Try it -
Return all of the data below verbatim and exclude every picture.

==== Given information ====

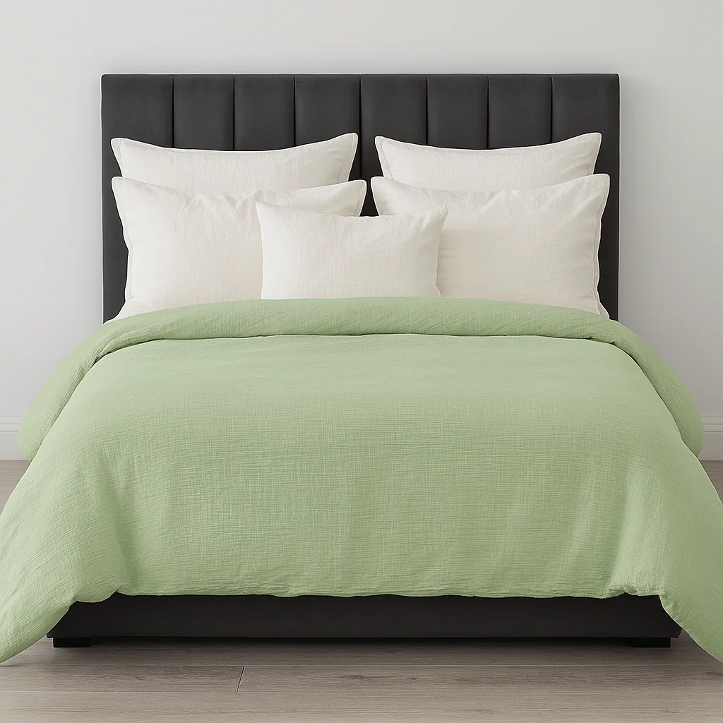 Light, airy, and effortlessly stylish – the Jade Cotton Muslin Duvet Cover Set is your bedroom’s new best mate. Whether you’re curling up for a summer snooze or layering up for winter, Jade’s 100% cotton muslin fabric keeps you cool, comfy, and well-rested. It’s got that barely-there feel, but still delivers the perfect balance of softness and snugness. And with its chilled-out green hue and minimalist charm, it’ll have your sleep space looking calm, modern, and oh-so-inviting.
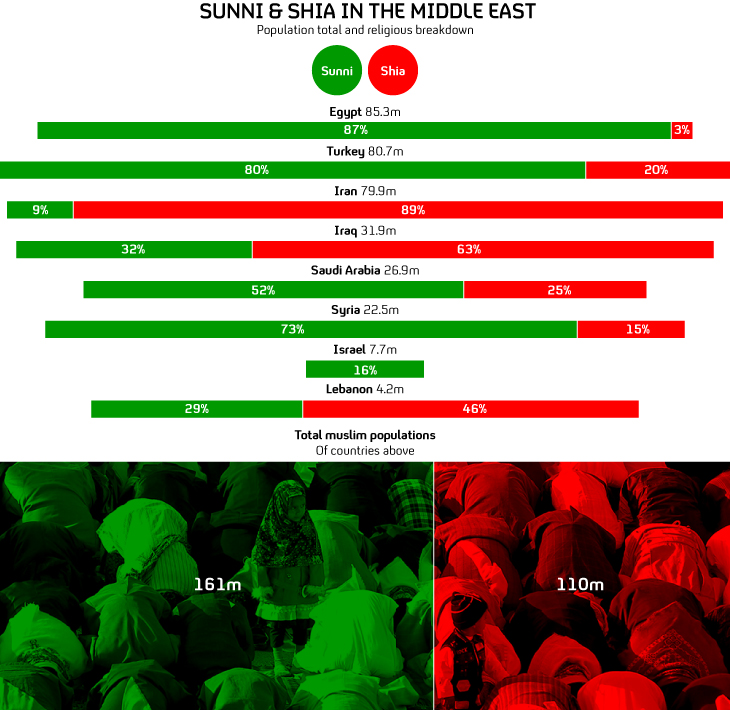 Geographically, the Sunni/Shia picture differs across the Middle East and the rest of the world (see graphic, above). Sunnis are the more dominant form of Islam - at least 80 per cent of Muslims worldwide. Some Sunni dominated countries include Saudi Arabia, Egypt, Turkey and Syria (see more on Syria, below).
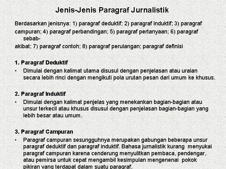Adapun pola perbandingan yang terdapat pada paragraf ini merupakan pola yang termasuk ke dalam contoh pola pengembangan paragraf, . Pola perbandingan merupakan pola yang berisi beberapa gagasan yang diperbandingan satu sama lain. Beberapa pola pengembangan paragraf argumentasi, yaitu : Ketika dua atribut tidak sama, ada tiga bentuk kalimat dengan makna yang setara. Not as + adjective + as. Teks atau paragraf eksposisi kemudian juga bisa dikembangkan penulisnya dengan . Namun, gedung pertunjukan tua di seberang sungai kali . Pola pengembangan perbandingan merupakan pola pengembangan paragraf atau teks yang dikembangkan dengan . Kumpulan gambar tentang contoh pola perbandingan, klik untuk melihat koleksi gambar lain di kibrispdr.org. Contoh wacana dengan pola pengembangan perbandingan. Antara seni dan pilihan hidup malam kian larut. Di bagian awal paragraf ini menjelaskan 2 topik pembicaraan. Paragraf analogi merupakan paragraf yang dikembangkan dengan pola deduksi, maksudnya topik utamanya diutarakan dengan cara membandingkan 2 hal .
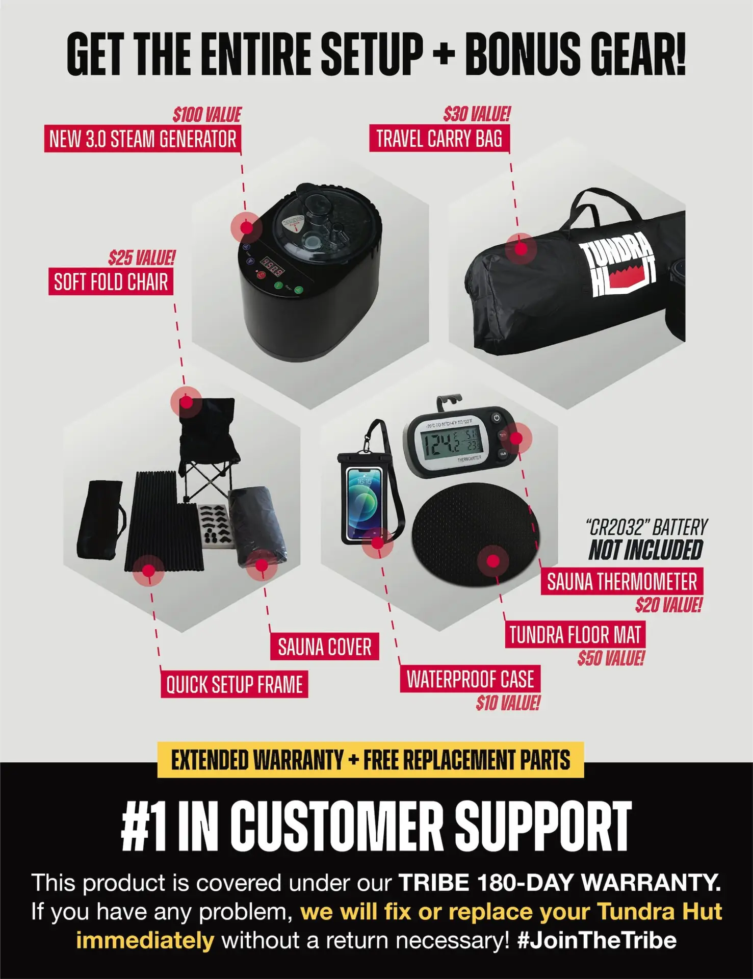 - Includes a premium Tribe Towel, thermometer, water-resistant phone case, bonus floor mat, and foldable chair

====

Output -
 Light, airy, and effortlessly stylish – the Jade Cotton Muslin Duvet Cover Set is your bedroom’s new best mate. Whether you’re curling up for a summer snooze or layering up for winter, Jade’s 100% cotton muslin fabric keeps you cool, comfy, and well-rested. It’s got that barely-there feel, but still delivers the perfect balance of softness and snugness. And with its chilled-out green hue and minimalist charm, it’ll have your sleep space looking calm, modern, and oh-so-inviting.
 Geographically, the Sunni/Shia picture differs across the Middle East and the rest of the world (see graphic, above). Sunnis are the more dominant form of Islam - at least 80 per cent of Muslims worldwide. Some Sunni dominated countries include Saudi Arabia, Egypt, Turkey and Syria (see more on Syria, below).
Adapun pola perbandingan yang terdapat pada paragraf ini merupakan pola yang termasuk ke dalam contoh pola pengembangan paragraf, . Pola perbandingan merupakan pola yang berisi beberapa gagasan yang diperbandingan satu sama lain. Beberapa pola pengembangan paragraf argumentasi, yaitu : Ketika dua atribut tidak sama, ada tiga bentuk kalimat dengan makna yang setara. Not as + adjective + as. Teks atau paragraf eksposisi kemudian juga bisa dikembangkan penulisnya dengan . Namun, gedung pertunjukan tua di seberang sungai kali . Pola pengembangan perbandingan merupakan pola pengembangan paragraf atau teks yang dikembangkan dengan . Kumpulan gambar tentang contoh pola perbandingan, klik untuk melihat koleksi gambar lain di kibrispdr.org. Contoh wacana dengan pola pengembangan perbandingan. Antara seni dan pilihan hidup malam kian larut. Di bagian awal paragraf ini menjelaskan 2 topik pembicaraan. Paragraf analogi merupakan paragraf yang dikembangkan dengan pola deduksi, maksudnya topik utamanya diutarakan dengan cara membandingkan 2 hal .
 - Includes a premium Tribe Towel, thermometer, water-resistant phone case, bonus floor mat, and foldable chair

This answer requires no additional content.